Kenneth Braswell, executive director of Fathers Incorporated, recalled an event when his daughter was in the second grade. While playing at school she tripped and cut herself. Instead of screaming for her teacher, she yelled for her father.
“More than remembering that she fell and scraped her knee,” Braswell said, “she remembered more that I wasn’t there to console her through that moment of pain.”
Braswell, the author of “When the Tear Won’t Fall,” has served as a board member for the National Fatherhood Leaders Group, Unified Progress International Education and the Fathers and Families Coalition of America, among other organizations.
Many fathers, Braswell said, suffer from a lack of resources and support. The dearth of options and opportunities becomes deeper as one moves “up and down the socioeconomic ladder and across cultural confines,” he said.
Low-income fathers, Braswell said, generally have difficulty obtaining employment, education and housing. The greatest struggle they face, he believes, is in maintaining relationships when financial resources may not be in place to support a family’s needs.
“There’s no shortage or lack of desire in men to want to be great fathers,” he said. “The question is whether or not they have the capacity to do so.”
United States Census Bureau data indicates that a third of the nation’s young people live in homes without their biological fathers. But the social ramifications of that father absenteeism can be severe, according to Carlos Alcazar, chairman of the National Fatherhood Initiative (NFI).
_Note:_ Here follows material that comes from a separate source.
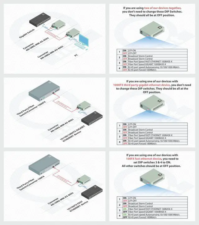 While in most cases you will have LAN switches, WiFi routers, or regular PC's connected to media converter UTP port - this versatile converter will still work with any standard Ethernet port device!

“Children from father-absent homes are two to seven times more likely to live in poverty, fail in school, be abused or neglected, become teen parents, become involved in the criminal justice system and abuse alcohol and drugs,” he said in an e-mail interview.
Founded in 1994, the NFI raises awareness about the ramifications of absent dads on the nation’s youth.
“Ensuring that the public understands that there is a father-absence problem affecting 24 million children is a key first step,” he said. “Evaluations of these programs, such as our InsideOut Dad program for incarcerated fathers, shows that they are effective in increasing the pro-fatherhood attitudes and knowledge.”
Research, he said, indicates that children with absent fathers are four times likelier to live in poverty than those in two-parent homes.“The poverty rates are roughly 40 percent and 10 percent, respectively,” Alcazar stated.
“We have not had a chance in this field of work to really deal with the emotion and pain that is developed when a child doesn’t have one or both of their parents in their lives,” Braswell said. “It’s difficult being the individual you want to be in life, given that you don’t have that person in your life, but it is so much more difficult when you’re trying to be that person through anger and pain.”
The uptick in inner city violence, he said, generally occurs in communities where father absenteeism is prevalent.
“As for education, children from father-absent homes are nearly twice as likely to drop out of high school than children in two-parent homes,” Alcazar said. “After taking into account race, socioeconomic status, sex, age and ability, high school students from single-parent households were 1.7 times more likely to drop out than the corresponding counterparts living with both biological parents.”
Children with absent fathers, he continued, were also at elevated risk for substance abuse.
“No matter what their gender, age, family income and race/ethnicity,” he said, “adolescents not living with both parents, biological or adoptive, are 50 percent to 150 percent more likely to use substances, to be dependent on substances and to need illicit drug abuse treatment than adolescents living with two biological or adoptive parents.”
Braswell said he learned how to “be a man” from limited experiences with male role models. As a result, he said he made a lot of mistakes that perhaps would not have been as severe if he had a permanent father figure around. He believes children with both parents in their lives are happier and more engaged, with a greater ability to express themselves.
Braswell’s own experiences with an absent father, he said, motivated him to be a better father to his children. Ultimately, he believe fathers who abandon their children are rejecting one of life’s greatest experiences.
“There is nothing like being able to look into a child’s eyes and know that child is full of everything that you have deposited into them,” Braswell concluded. “You are missing out on probably the biggest joy that you could possibly have.”
The roles fathers play in the lives of their children, Alcazar believes, are “unique and irreplaceable.“ For the absent fathers, he offers frank advice.
“It is never too late to work to become the involved, responsible and committed father your children need, despite any mistakes you may have made in the past,” he concluded. “We need more fathers in the home, and we need fathers in the home to be skilled and involved in their children’s lives.”